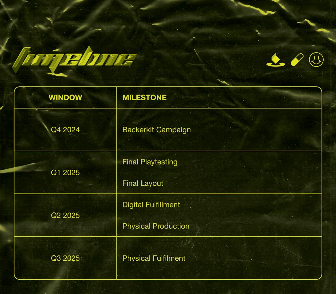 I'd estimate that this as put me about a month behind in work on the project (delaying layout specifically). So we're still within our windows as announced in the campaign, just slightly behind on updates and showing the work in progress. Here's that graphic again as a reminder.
※
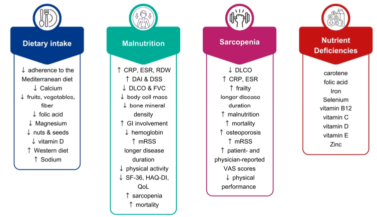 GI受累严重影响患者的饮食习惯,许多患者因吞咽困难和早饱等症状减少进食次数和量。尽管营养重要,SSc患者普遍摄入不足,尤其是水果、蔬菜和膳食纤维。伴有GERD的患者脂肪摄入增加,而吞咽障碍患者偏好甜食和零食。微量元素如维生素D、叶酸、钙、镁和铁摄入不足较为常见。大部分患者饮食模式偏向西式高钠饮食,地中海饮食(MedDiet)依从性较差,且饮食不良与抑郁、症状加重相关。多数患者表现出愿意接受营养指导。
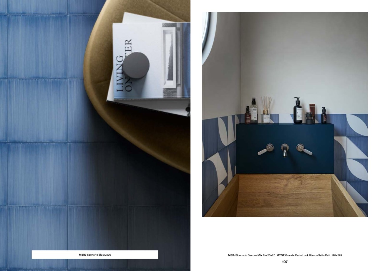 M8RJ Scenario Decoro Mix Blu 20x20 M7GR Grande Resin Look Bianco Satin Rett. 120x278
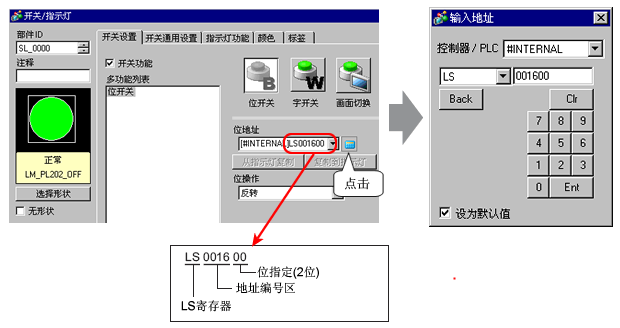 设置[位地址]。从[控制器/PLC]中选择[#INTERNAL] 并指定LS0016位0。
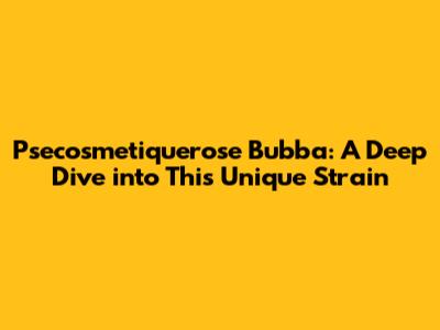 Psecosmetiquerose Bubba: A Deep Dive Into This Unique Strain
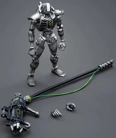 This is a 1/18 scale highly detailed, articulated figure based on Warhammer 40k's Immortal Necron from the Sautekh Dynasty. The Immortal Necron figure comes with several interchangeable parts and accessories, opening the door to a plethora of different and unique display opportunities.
※
From the material above, output only the span of lines that starts at the one containing "设置[位地址]。从[控制器/" and finishes at the one containing "Psecosmetiquerose Bubba: A", word for word and free of pictures.

**Response box**
 设置[位地址]。从[控制器/PLC]中选择[#INTERNAL] 并指定LS0016位0。
 Psecosmetiquerose Bubba: A Deep Dive Into This Unique Strain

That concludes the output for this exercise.